Hay un muchacho de unos quince años al que le han cortado de un hachazo los genitales. Un hombre con un ojo azul brillante y un agujero pegajoso donde debería estar el otro. Una criatura de vello negro y rizado, sin cabeza ni miembros. Una mujer degollada, otra cuya lengua color malva le sale de la boca obscenamente. A varios cadáveres le faltan los brazos, las piernas, las manos… Saint-Pierre se sorprende preguntándose dónde pueden estar y recorriendo con la mirada las carretas donde se amontonan en busca de las partes que faltan, para juntarlas y volver a dejarlos enteros.

Reconoce a medias una cara aplastada que todavía rezuma pulpa: el Oráculo, un hombre maloliente de ojos jaspeados y desorbitados y una mata de pelo enmarañado que pega gritos en el mercado de cereales, haga el tiempo que haga, describiendo con precisión las brujas de pesadilla y las bestias salpicadas de sangre que lo atormentan, agarrándose a la gente hasta que alguien le paga un vaso de ginebra y luego otro y otro.
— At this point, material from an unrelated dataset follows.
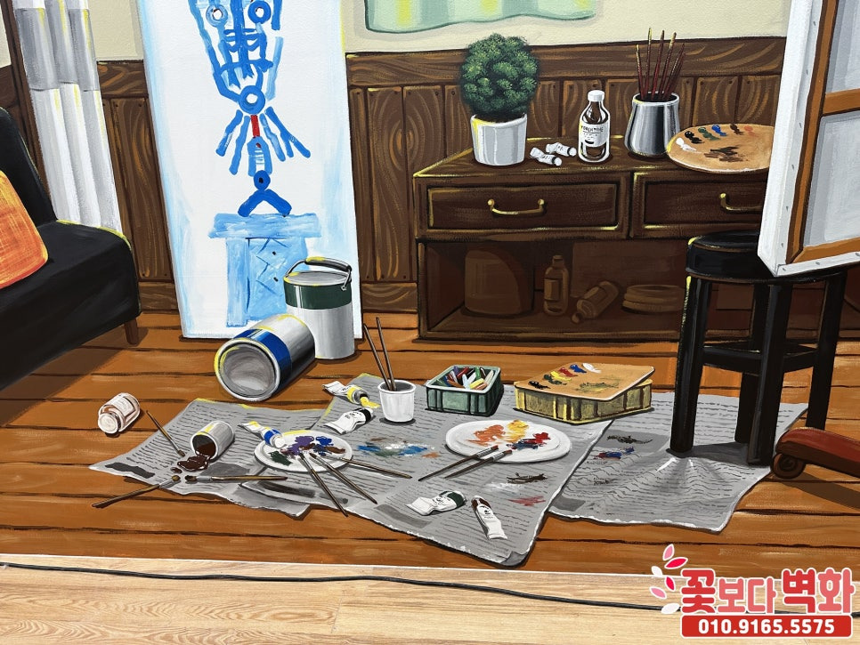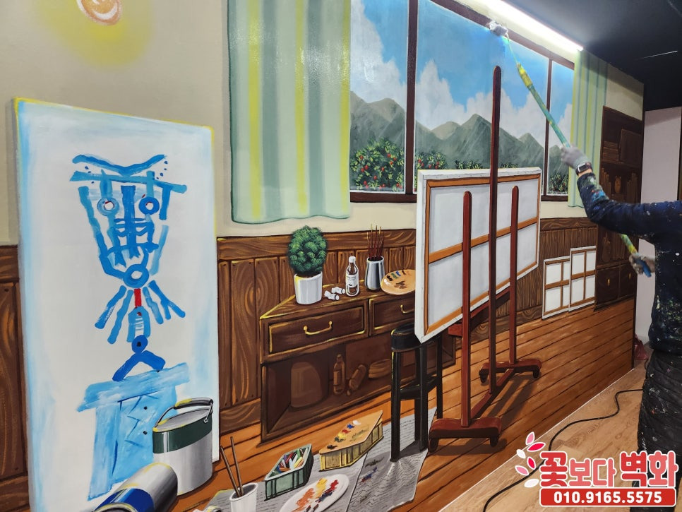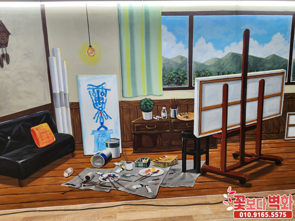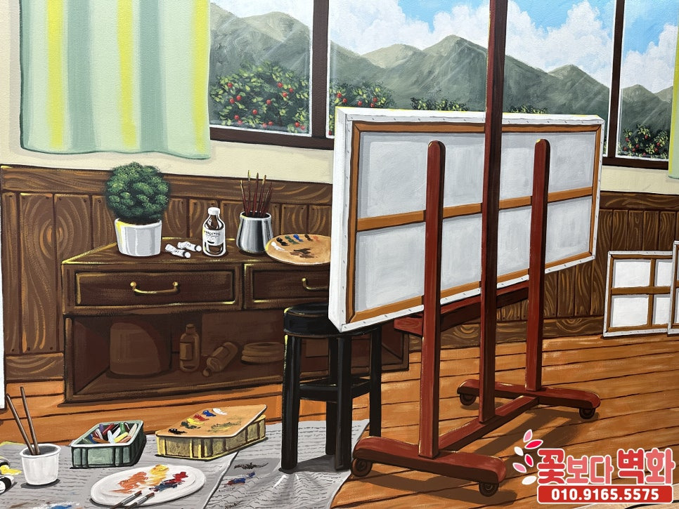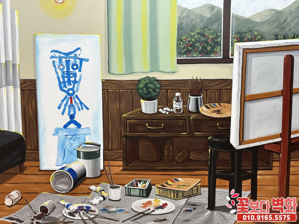 청송 남관생활 문화센터 남관화백의 작업실을 재현해 낸 벽화, 미술관벽화, 벽화시공, 꽃보다벽화, 트릭아트

Huele a río, y por encima de ese olor percibe otro que no le es desconocido. Piensa incongruentemente en médicos y lechos de enfermos antes de ver los barriles que la mujer del gorro rojo está haciendo rodar a través de la puerta, y comprende: están lavando el patio con vinagre, para desinfectarlo.

¿Para quién?, se pregunta. No parece quedar nadie con vida detrás de esos muros.
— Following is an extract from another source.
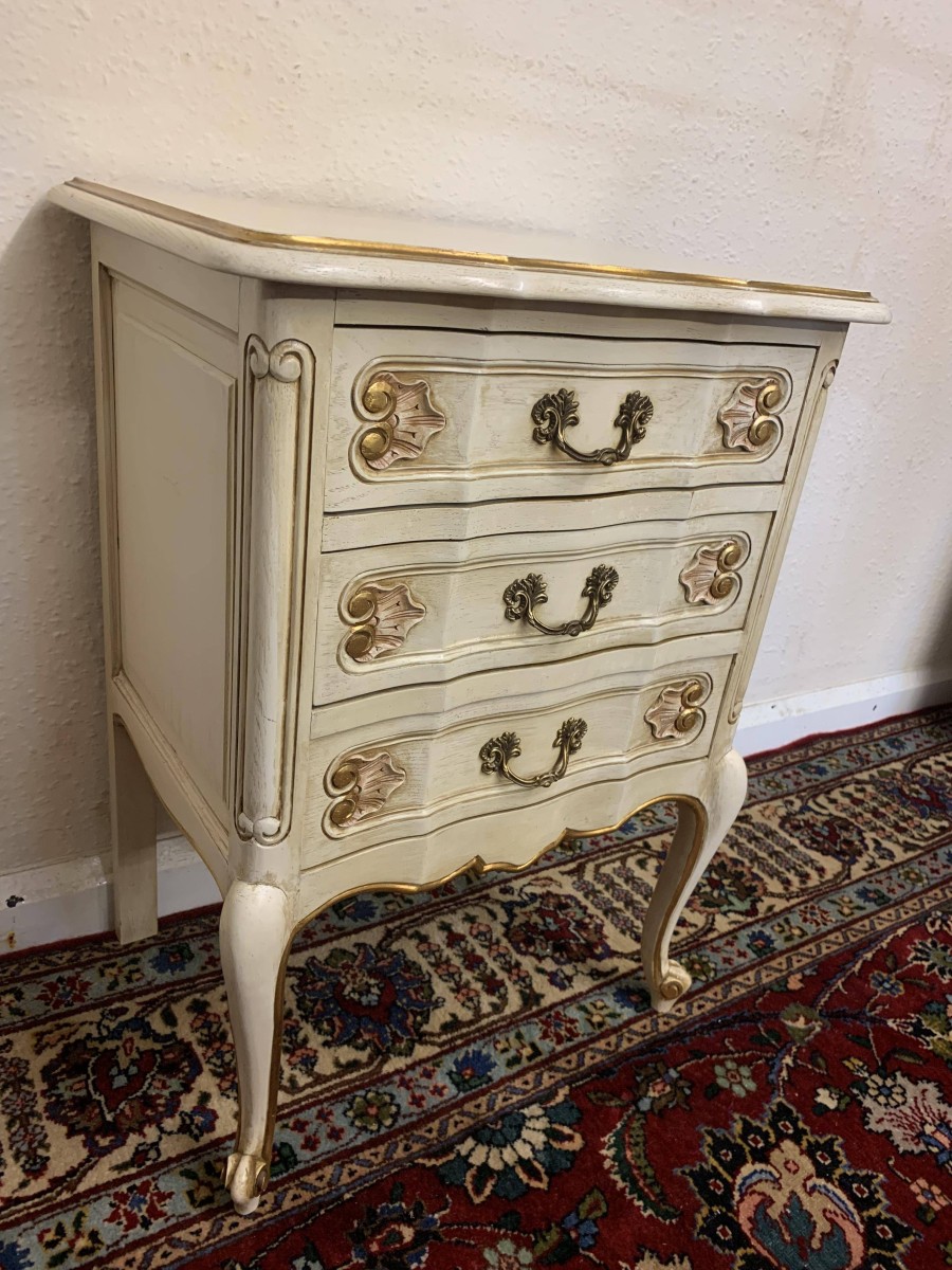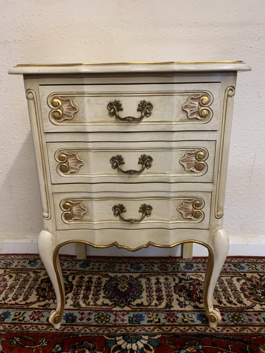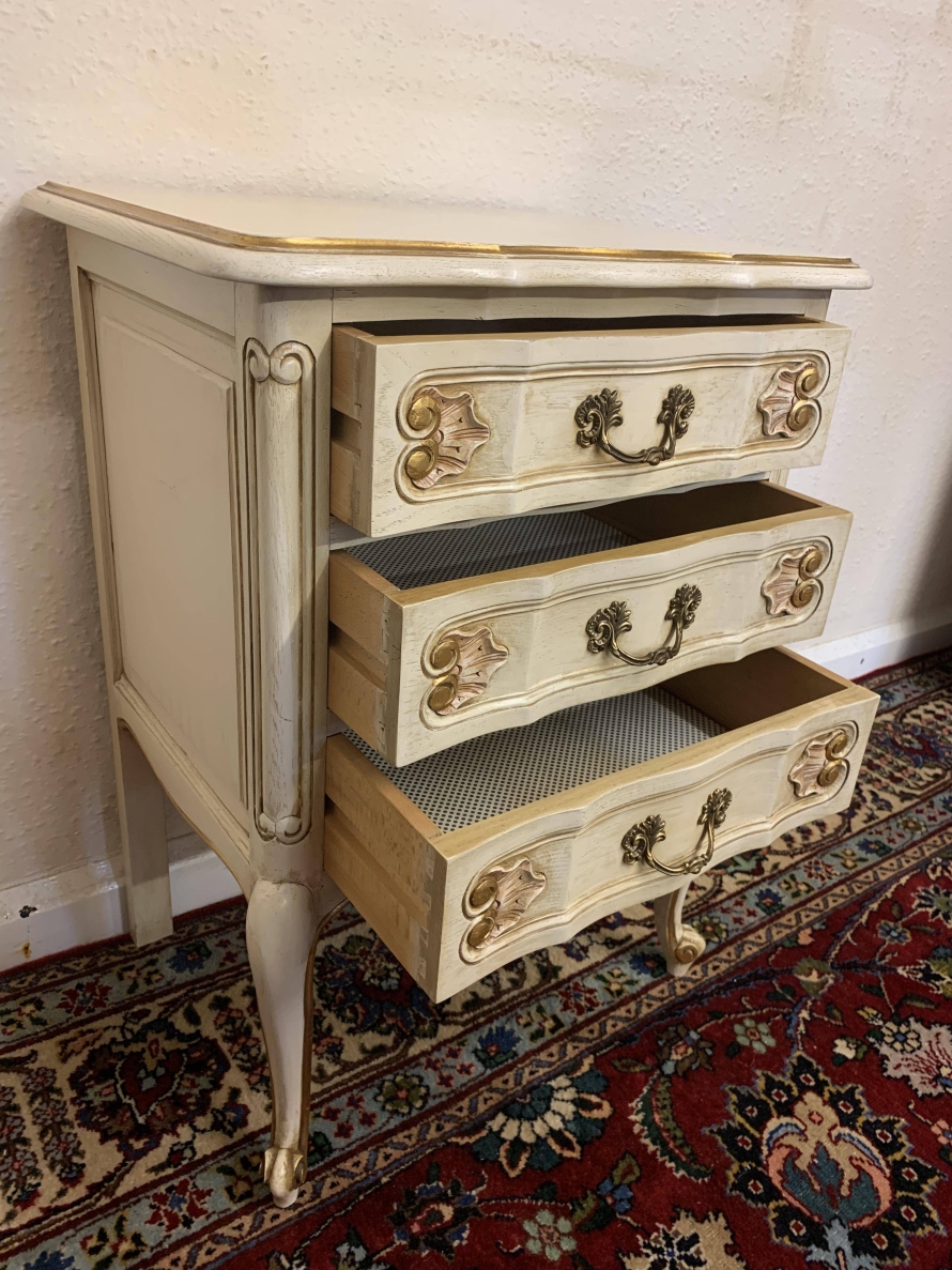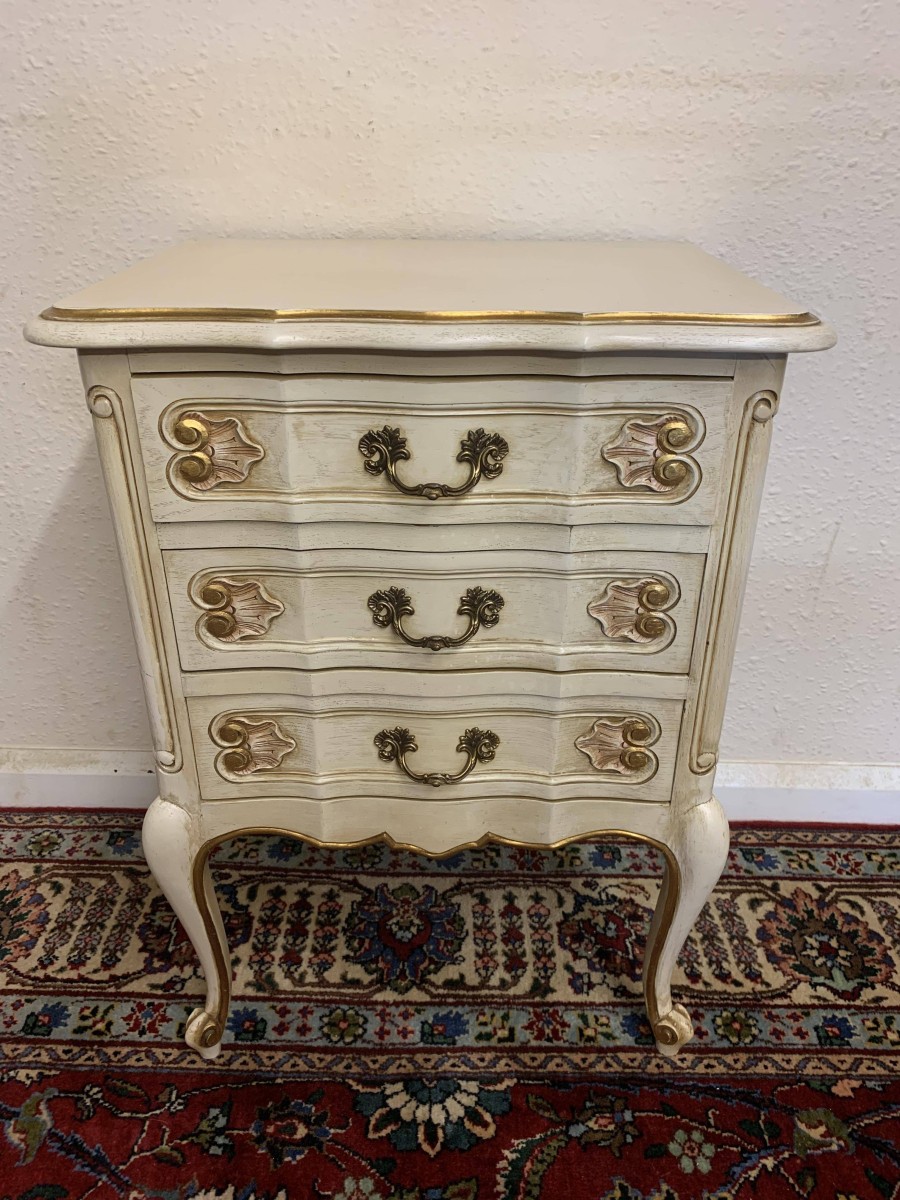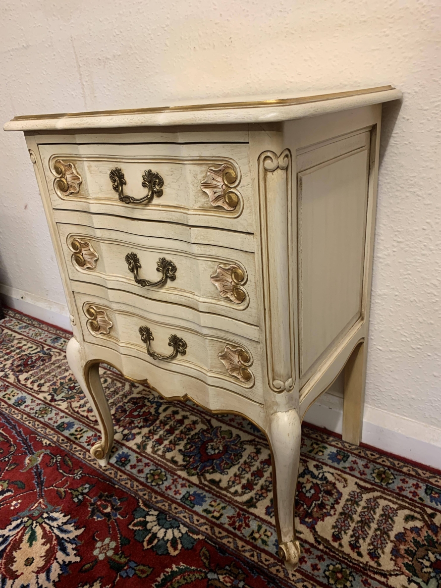 Fabulous French Shaped Cream And Gilt Chest Of Three Drawers – Now Sold

Hace pequeños movimientos con las manos delante de su pecho, como un bebé.

Un oficial con fajín tricolor está supervisando las operaciones.
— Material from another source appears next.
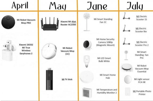 На июнь намечен анонс «умного» вентилятора Mi Smart Standing Fan 1C, камеры видеонаблюдения Mi Home Security Camera 1080p с магнитным креплением, смарт-лампы Mi LED Smart Bulb White, центра управления «умным» домом Mi Smart Home Hub, а также монитора температуры и влажности Mi Temperature and Humidity Monitor 2.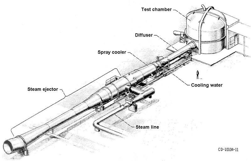 | Keywords: blackandwhite monochrome drawing text sketch black and white (CD-10104-11): This drawing details the 150-foot-long diffuser, cooler, and steam ejector assembly that exhausts the HTF’s test gas while simulating altitudes as high as 120,000 feet in the test chamber. Steam is supplied by one of the center’s boiler houses through a 30-inch pipe. (CD-10104-11): This drawing details the 150-foot-long diffuser, cooler, and steam ejector assembly that exhausts the HTF’s test gas while simulating altitudes as high as 120,000 feet in the test chamber. Steam is supplied by one of the center’s boiler houses through a 30-inch pipe. |

– Ciudadano Saint-Pierre -se presenta a sí mismo, añadiendo que es un «oficial de la ley»-. ¿Qué ha ocurrido aquí? -pregunta, y las manos se le disparan y aferran el brazo del hombre-. ¿Qué ha ocurrido? -repite, aunque lo ocurrido es bastante evidente mientras la cuarta y última carreta está siendo descargada.

El oficial es un joven -¡todos son jóvenes!, piensa Saint-Pierre, asiendo con más fuerza el brazo uniformado- que no se exalta fácilmente. Mira al hombre cuya cara tiene un extraño tono grisáceo y reconoce al magistrado en cuya sala ha permanecido bastante a menudo de pie contra una pared, sin llamar la atención. Que él sepa, Saint-Pierre es un buen tipo, amable con los funcionarios inferiores a quienes trata en el curso de sus tareas. De modo que el joven se muestra educado y tranquilo, soltando cortésmente su manga de esa mano con manchas de la edad que se ha adherido a la tela.